Ему не надо было это говорить. Я очень жалел себя, жалел, что не нашел человека, хотя и очень старался, страдая от того, что впервые в жизни натолкнулся на существо, которое своей непостижимостью отстояло гораздо дальше, чем пойманная мною рыба.
Я подумал об этих рыбах как о мудрых и таинственно-прекрасных подводных жителях, способных безмолвно страдать и радоваться, выпрыгивать из золотистой реки на утренней или вечерней заре, громким плеском веселя сердца людей, и надолго исчезать в глубинах, переживая тяжелые для себя времена.
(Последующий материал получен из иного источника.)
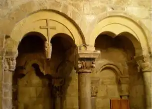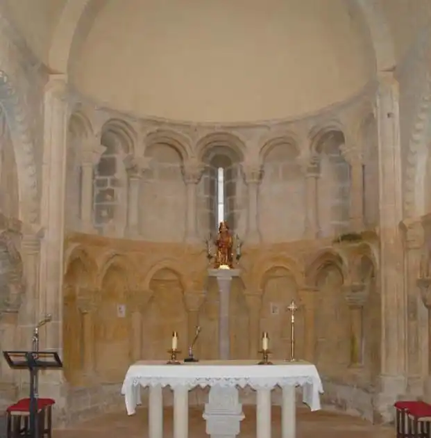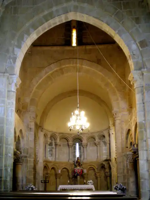Ya en el interior, de gran riqueza, la nave se aboveda con bóveda de cañón, el crucero con una bóveda de crucería de gruesos nervios y el ábside con bóveda de horno. El presbiterio congrega el mayor interés y vistosidad. Tiene una bellísima arquería doble de siete arcos ciegos cada una, que recorre el hemiciclo. Existe una nutrida serie de capiteles decorados con escultura fuerte y sin demasiado refinamiento. Se podría destacar la escena de "David y Goliat", así como la del "Paraíso Terrenal" con Adán, Eva, el árbol surtido de fruta y la serpiente, etc.

Был однажды в моей жизни хороший, добрый дождь…
Вальс
Маленький, щуплый человечек лет семидесяти пяти надевал весной старенькое пальто темно-зеленого цвета, однобортное, реглан, с вытертыми обшлагами и засалившимся воротником; надевал темно-зеленую фетровую шляпу с короткими полями, тоже старую и грязноватую, с заострившимся заломом на тулье; накидывал на сухонькую, морщинистую шею красный шарфик с замутившейся бежевой клеткой и шел гулять по подсохшим тротуарам, легкомысленно заговаривая с женщинами. По какому-то наитию он безошибочно угадывал тех из них, которым его внимание не будет в тягость и которые шли по тротуару не очень быстро, но были при этом не старые и приятные на вид.
С затуманенной весенним воздухом головой он подравнивался в шаге к такой женщине и вежливо заглядывал снизу вверх в ее глаза.
— Вы меня извините, конечно, — начинал он разговор с ней, мелко вышагивая рядом. — Вот, говорят, вальс, вальс! А кто сейчас умеет по-настоящему вальсировать? — спрашивал он и сам себе же отвечал: — Никто! — настораживая женщину, которая с любопытством смотрела на смешного старичка. — Вы мне поверьте, уж я-то знаю. Никто не умеет! А я в свое время вальсировал в левую сторону… Я и сейчас… А вы знаете, что это такое? А-а-а… Вот вы дама, я бы мог вас пригласить, и вы тогда поразились бы… Да! В левую сторону, вот так, — говорил он, взмахивая короткими ручками и как бы кидая тело свое влево. — Это я не пустое говорю, уж вы мне поверьте, это не каждый умеет. И даже дамы, бывало, смущались. Но ничего! Это уж дар от бога. Лишь супруга моя покойная… и то, я скажу вам, не сразу!.. Лишь она одна научилась вальсировать таким-то вот образом. Не без моей, конечно, помощи, как вы, наверное, догадываетесь, — говорил он с хитрецой в голосе, как щеголь подстраиваясь в шажочке к шагу своей случайной спутницы и чувствуя себя кавалером. — Это уж так! — восклицал он, то и дело меняя ногу и шаркая при этом в торопливой припрыжечке по асфальту, точно пританцовывал всякий раз.
Он был похож в эти минуты на маленького, ярко расцвеченного самечика аквариумной рыбки гуппи, волнующегося возле степенной, серенькой, большой самочки.